The difficulty in understanding information beyond membership in a formal category at initial processing presents an opportunity for design to explore: Can visual elements in information graphics help contextualize the information at earlier stages to reduce the amount of additional processing necessary in understanding the information? Both examples, like many information graphics, use minimal visual content that only displays the results of the data. Any area around the information graphic that is not descriptive text is left white and untreated. These Datascapes have a visual landscape that is arid, sterilized, and decontextualized. Where the Candidates Won is successfully contextualized in the story through accompanying text—text that must be fully processed before understanding the information. Fortunately, the established hierarchy between bodies of text and image suggest significance to the written content because of scale. The Feltron Report provides much less context for a reader, using small typography to label locations and larger typography to establish the general subject to the page, Distribution (visible on the left header of Fig. 1). If the little text provided to clarify the subject matter of the report, how would any viewer have a clue this graphic is about meeting up with people throughout the year?
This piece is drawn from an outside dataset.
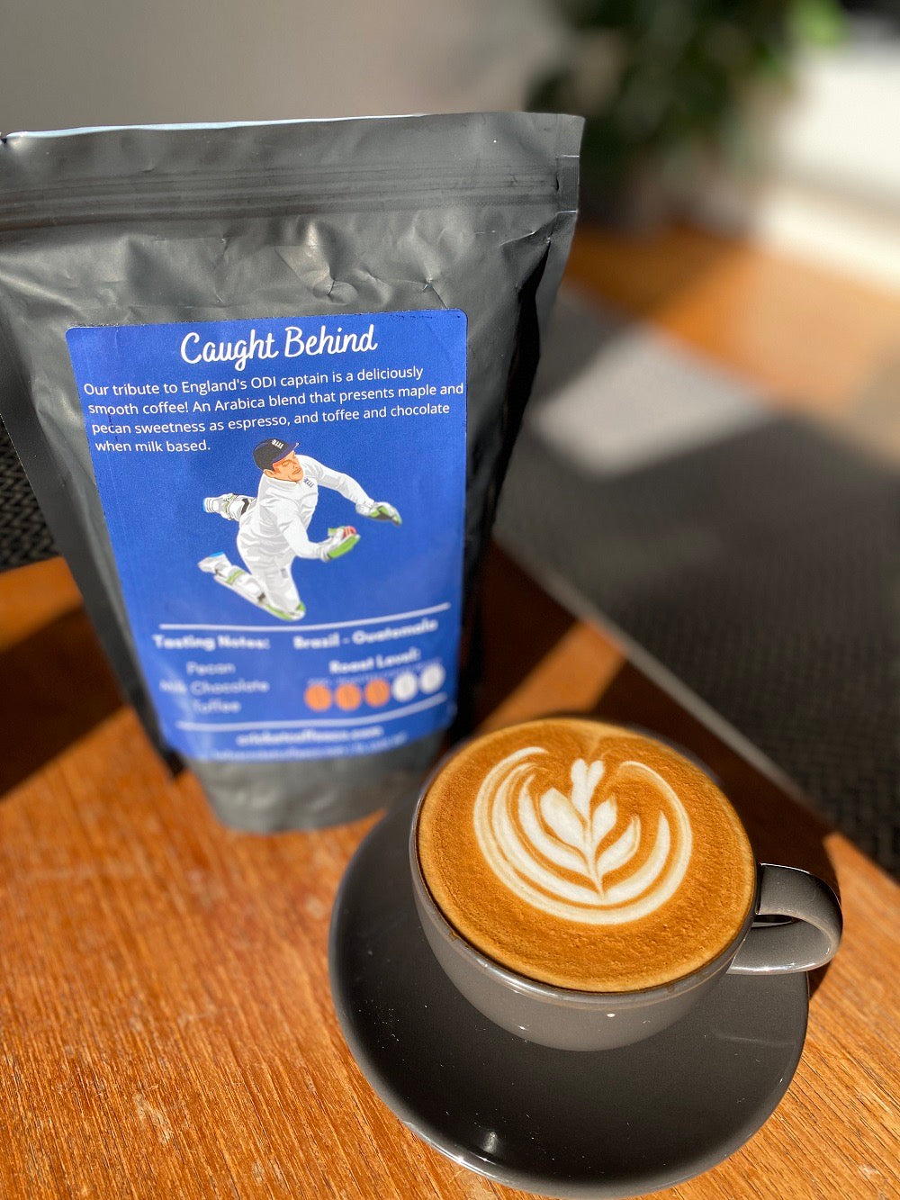 Fast, fearless and full of flavour, Caught Behind is our tribute to the legendary Jos Buttler. This smooth Arabica blend serves up maple and pecan sweetness as espresso, and rich toffee-chocolate notes when milk-based.

Visually foregrounding the context of information at an earlier stage in cognitive processing is certainly a large and daunting task. But in an age where the frequency of these kinds of graphics is growing exponentially, won’t the situation only get worse if it is treated with the objective sterilization present? Without visual cues that correlate to other categories, an information graphic means nothing but an aesthetic approach until content is exposed. After all, isn’t the whole movement of visualizing the information about the significance of the content itself? The significance of the content is either hidden within itself and unexplained or it is embedded in text that gives cues to itself limited by the constraints of the written word.

For the future of visualizing information, there is no doubt formal categories are necessary for recognizing and understanding how to read a range of approaches to data. But what about the other half, the foundation that makes the superordinate category of information graphics possible in the first place? Perhaps a new set of categories will be constructed in the future, a system that recognizes the possibility of not only sorting the graphical qualities of information by the formal structure of the information but also by visual cues that help situate the content of graphic information. If these kinds of structures emerge, they will be recognized quickly: they will be the first experiences for audiences to get a glimpse of the purpose of the graphic representation before needing to process a body of text.

Klanten, Robert. (2008). Data Flow: Visualising Information in Graphic Design. Berlin: Gestalten.

Rosch, E., Lloyd, B., and Social Science Research Council. (1978). Cognition and Categorization. Hillsdale, NJ: New York: L. Erlbaum Associates.

Tufte, Edward. (2001). The Visual Display of Quantitative Information, 2nd Ed. Cheshire, CT: Graphics Press.